__EXERCISE__
Exactly as written, output the lines below starting from the first and ending with the line that contains "Cover art by"; omit pictures.
SOURCE DATA section start
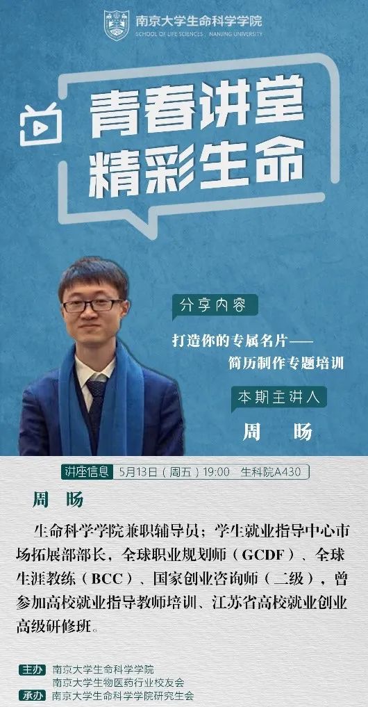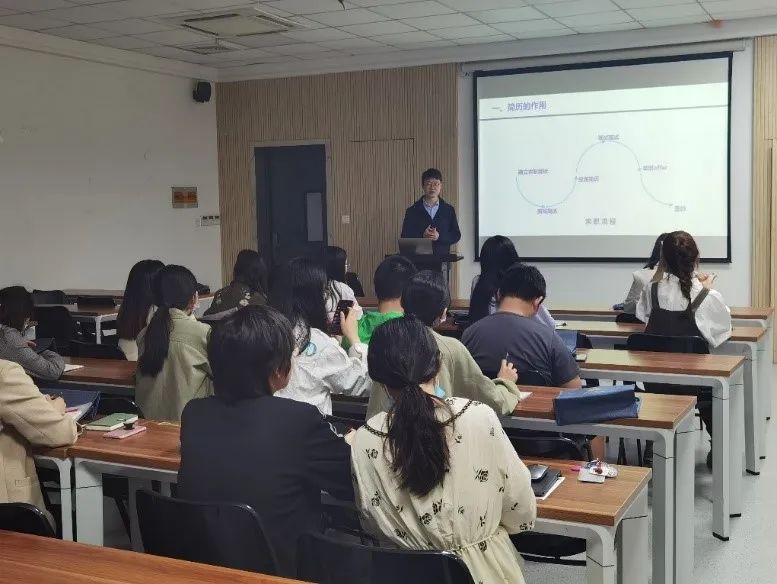 5月13日,太阳成集团tyc33455cc兼职辅导员、员工就业指导中心市场拓展部部长周旸老师做《打造你的专属名片》简历制作专题讲座,引导同学们挖掘个人经历丰富简历内容,并结合实际简历材料分析,着重从排版布局、格式要求、内容撰写等方面为同学们讲解简历的制作技巧及细节要求。
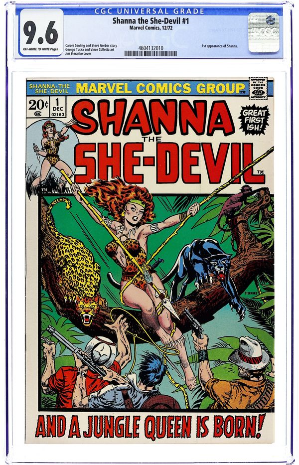 Cover art by Jim Steranko. "Shanna the She-Devil!", script by Carole Seuling and Steve Gerber, pencils by George Tuska, inks by Vince Colletta; The origin of Shanna; Shanna O'Hara Plunder is the daughter of a diamond miner; Born in Africa, she spent her childhood in the jungles of Zaire; After Shanna's father accidentally kills her mother, Shanna moves back to the United States to live with relatives, and Shanna grows up to become an accomplished athlete and then becomes a zoologist; She returns to Africa and patrols the jungle living freely with the land. 36 pgs., full color. Cover price $0.20.
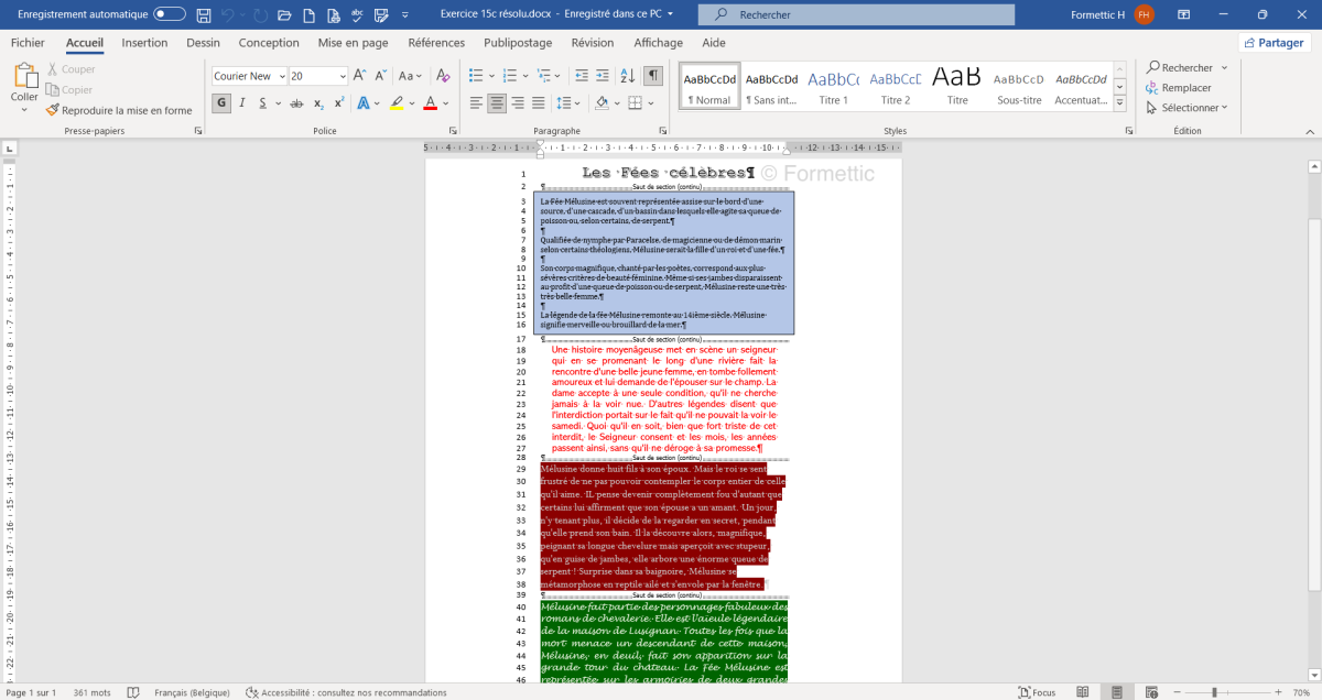 Section 4 : police Lucida Handwriting 11, alignement justifié, surbrillance vert ; couleur de texte vert accentuation 6, plus clair 80% ;
SOURCE DATA section end
__OUTPUT FOR THIS EXERCISE__
 5月13日,太阳成集团tyc33455cc兼职辅导员、员工就业指导中心市场拓展部部长周旸老师做《打造你的专属名片》简历制作专题讲座,引导同学们挖掘个人经历丰富简历内容,并结合实际简历材料分析,着重从排版布局、格式要求、内容撰写等方面为同学们讲解简历的制作技巧及细节要求。
 Cover art by Jim Steranko. "Shanna the She-Devil!", script by Carole Seuling and Steve Gerber, pencils by George Tuska, inks by Vince Colletta; The origin of Shanna; Shanna O'Hara Plunder is the daughter of a diamond miner; Born in Africa, she spent her childhood in the jungles of Zaire; After Shanna's father accidentally kills her mother, Shanna moves back to the United States to live with relatives, and Shanna grows up to become an accomplished athlete and then becomes a zoologist; She returns to Africa and patrols the jungle living freely with the land. 36 pgs., full color. Cover price $0.20.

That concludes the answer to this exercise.